В 10 ч<асов> вечера вчерашнего числа мы приехали в Вену. За 2 1/2гульдена достали номер, выпили тут за 10 крейцеров по стакану какого-то, со сбитыми сливками, молока и легли спать, хотя Макс предлагал идти "со свежими силами" (?) гулять по улицам ярко освещенной столицы. В 10 ч<асов> утра мы были на улице и с полчаса метались в поисках стакана молока. Трудно было что-нибудь наблюдать и видеть, кроме спины синей блузы Макса, к<отор>ый с одной стороны улицы метался на другую, прокладывая себе путь, не зная куда. Пред ним публика расступалась, ему легко было идти, а нас, шедших позади, затирала. Чтоб не упустить из виду нашего чичероне, приходилось зорко следить за его неровными движениями по улице, и, кроме него и изумленных венцев, мы ничего за этот поход за стаканом молока не видели. Наконец, мы достигли собора Св. Стефана, но не остановились и здесь, а устремились в погребок по соседству, т<ак> к<ак> были голодны, как волки. Эстергази-keller существует, говорят, 500 лет и, кроме электрических тусклых лампочек, ничто в нем не переменилось. За 62 <крейцера> достали там литр хорошего вина, за 15 крейцеров -- достаточное количество сыра и хлеба. Цены на всё крайне низкие. Макс даже уверяет, что вино здесь продается по той же цене, как и 500 лет тому назад; но это утверждение можно только приписать его незнакомству с теорией меновой ценности вообще и законами ее изменения во времени в частности. С отуманенными головами вылезли мы из старинного характерного погребка и полезли на колокольню Св. Стефана. Но здесь приключений никаких не случилось, только Леонид Вас<ильевич> разбил себе колено (мы думали сначала, лоб), да и этот ушиб теперь начинает заживать. После этого традиционного восхождения на колокольню и осмотра галереи мы совершили, чтоб достойно покончить этот день, еще более традиционное путешествие в императорский парк Schönbrunn, где видели, кроме остриженных деревьев, даже самого императора. Итак, посмотревши всё, что надо, в Вене, мыв 10 ч<асов> вечера сели на пароход на Дунае и поплыли в Linz. Одного еще только мы не сделали -- не осмотрели всех храмов, дворцов и достопримечательных ресторанов, но это объясняется не оплошностью и не отсутствием интересов к изучению со всех интересных сторон жизни чужой страны, а просто недостатком денежных средств, т<ак> к<ак> в хорошие, достойные внимания просвещенных и любознательных туристов рестораны нас даже и не пустили бы. А. С.
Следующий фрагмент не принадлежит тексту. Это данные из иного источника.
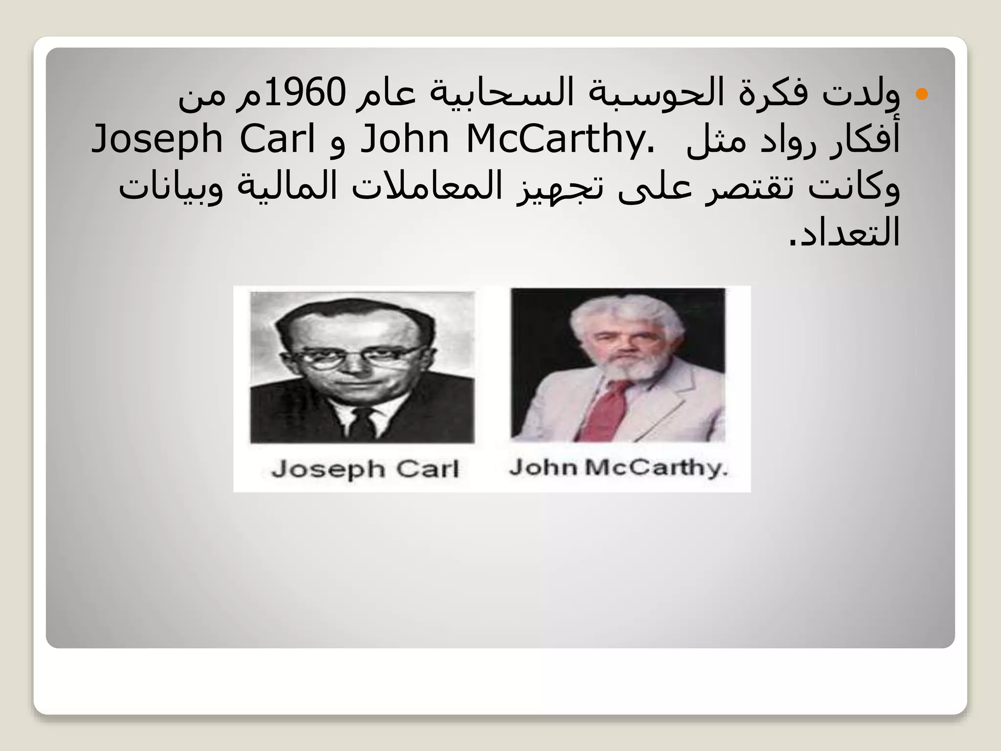 تعتبر الحوسبة السحابية وليدة أفكار رواد مثل جون مكارثي، حيث ظهر مصطلح 'الحوسبة السحابية' لأول مرة في عام 1979. تطورت هذه الفكرة بشكل فعلي في التسعينيات مع ظهور خدمات مثل Salesforce وAmazon Web Services، وبينما تصدرت جوجل المشهد السحابي في 2009 بإطلاق تطبيقاتها السحابية. تبرز أهمية الحوسبة السحابية من حيث الأمان وامتثال البيانات والحقوق الخاصة للمستخدم.

Автор настолько был затуманен посещением Эстергазиевского кабачка, что совершенно не заметил того, что между кабачком и колокольней мы полчаса просидели внутри самого Стефана, слушая дивную музыку, которая звучала из глубины собора и застывала между стенами храма в виде разноцветных стекол. К сожалению, это был единственный светлый момент этого дня, так как через два часа мы попали во власть одесского студента -- грека, сецессиониста и офицера русской армии. Все эти качества в общем дали поразительную общительность и наивность. Особенную симпатию он почувствовал к князю, который отплатил ему взаимностью, найдя его замечательно красивым молодым человеком. Кажется, что больше всего они сошлись в мнениях по женскому вопросу. Этот роковой сецессионист увлек нас в Шснбрунн, где мы все умирали от жажды и усталости, а он ошеломлял нас дикими припадками сецессионизма, находя его и в цвете конок и в почтовой бумаге, и выражая желание построить себе, когда он женится, замок, подобный римским развалинам в Шёнбрунне, которые по исследованию оказались полуразрушенной аркой, носящей сильные следы фальсификации. Приятная перспектива построить себе замок в виде дыры! Вплоть до отхода парохода проклятый сецессионист и офицер русской армии не оставлял нас, и только распорядительности высших чинов русской армии, не желавших продлить ему отпуск, мы обязаны тем, что он не отправился нас сопровождать и дальше. В первый раз в жизни я понял, что и русская армия имеет до некоторой степени свой "raison d'être". {Разумное основание, смысл (фр.).} Макс.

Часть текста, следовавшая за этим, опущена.